Możesz uczęszczać do niej nie wychodząc z domu - to jeden z wielu plusów zapisania się na kurs wegańskiego pieczenia. Od teraz wasze wypieki będą zawsze udane i pyszne!
Szkoła pieczenia wegańskich słodkości
Szkoła nosi miano Physalis i założyło ją dwóch cukierników - Sabina Hambarava i Alexey Korotkevich. Na stronie szkoły piszą: "Veganism becomes a luxury with Physalis" ("Weganizm staje się luksusem z Physalis"). I rzeczywiście, patrząc na eleganckie, finezyjne wypieki trudno uwierzyć, że są w 100% wegańskie.
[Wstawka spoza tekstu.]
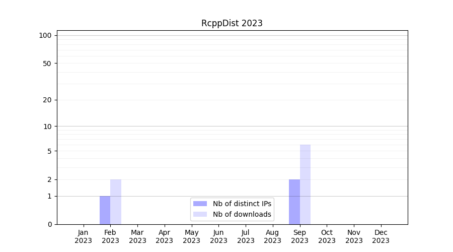 Number of downloads for software package RcppDist, year by year, from 2025 back to 2014 (years with no downloads are omitted):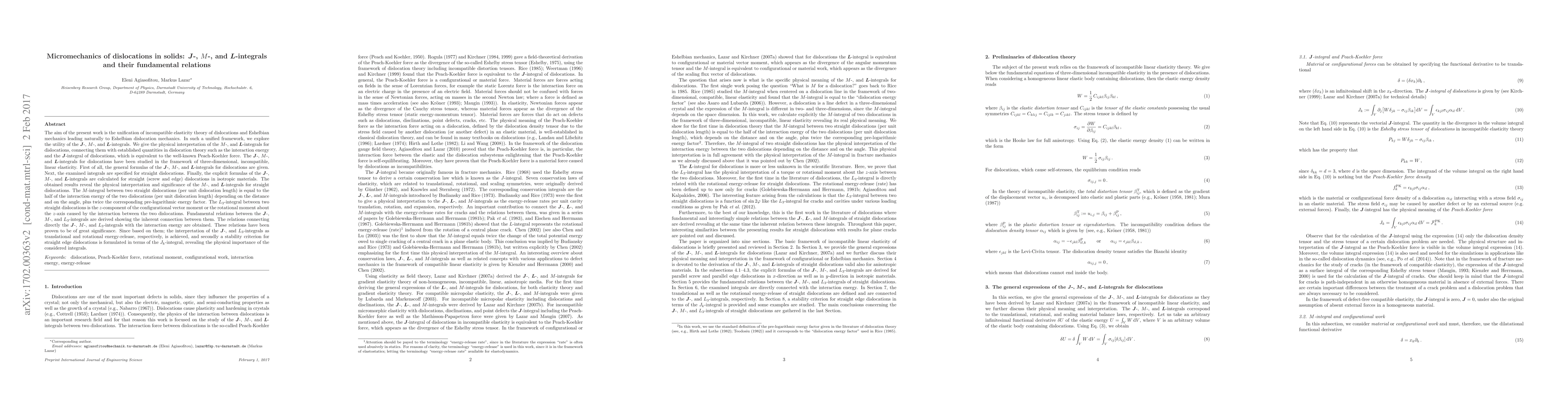 This paper unifies the elasticity theory of dislocations with Eshelbian mechanics to develop Eshelbian dislocation mechanics, exploring the $J$-, $M$-, and $L$-integrals. It provides physical interpretations for the $M$ and $L$ integrals, connecting them to the interaction energy and Peach-Koehler force, and derives fundamental relations between these integrals.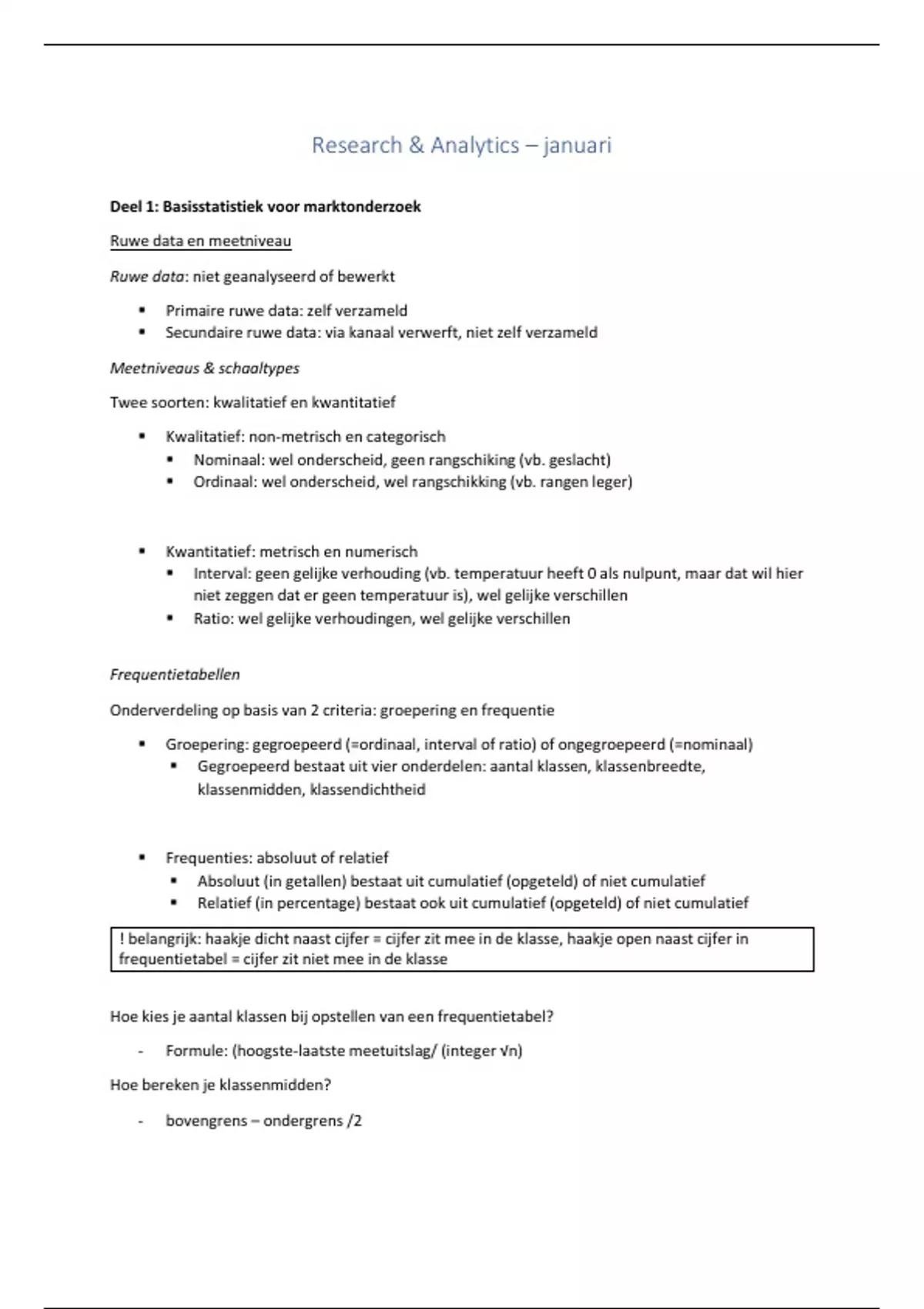 Deel 1: Basisstatistiek voor marktonderzoek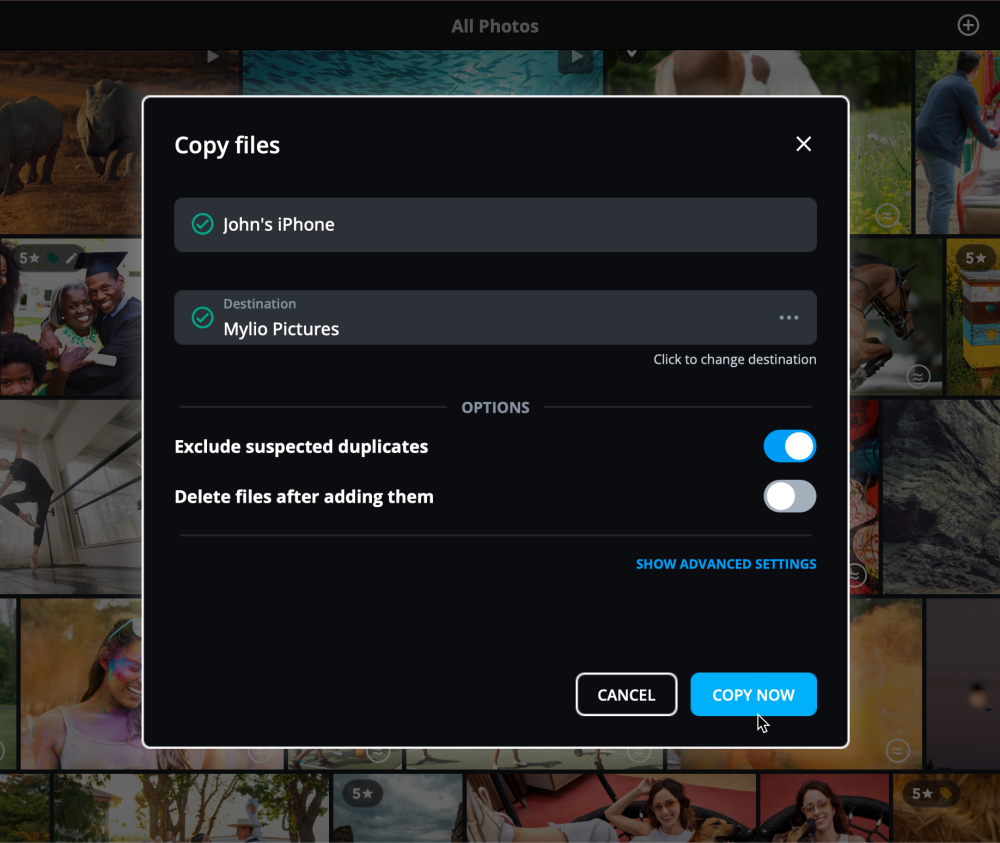 Click Copy Now to copy the folder to your Mylio Photos Library.

Do tego Hambarava i Korotkevitch postanowili całkowicie zrezygnować z dodatku sztucznych barwników czy oleju palmowego. Piękne słodkości mają być zdrowe, wykonane ww 100% z naturalnych składników. Założeniem szkoły jest też dostępność - dla wszystkich, z każdego miejsca na świecie. Oczywiście znacznie ogranicza ją cena kursu. 9-tygodniowy kurs pieczenia kosztuje 1500 euro, można zapisać się na niego na stronie physalisvegan.com.
Za te pieniądze specjaliści nauczą was jak piec ciasta i makaroniki, a nawet w jaki sposób stworzyć "lustrzaną", błyszczącą polewę. Twórcy szkoły chcą udowodnić, że da się stworzyć nowoczesne wypieki bez używania składników odzwierzęcych. Dzięki temu przełamują stereotypy, a wszyscy amatorzy pieczenia, zarówno profesjonaliści, jak i domowi cukiernicy mogą poszerzyć swoją wiedzę i stworzyć desery, które zachwycają.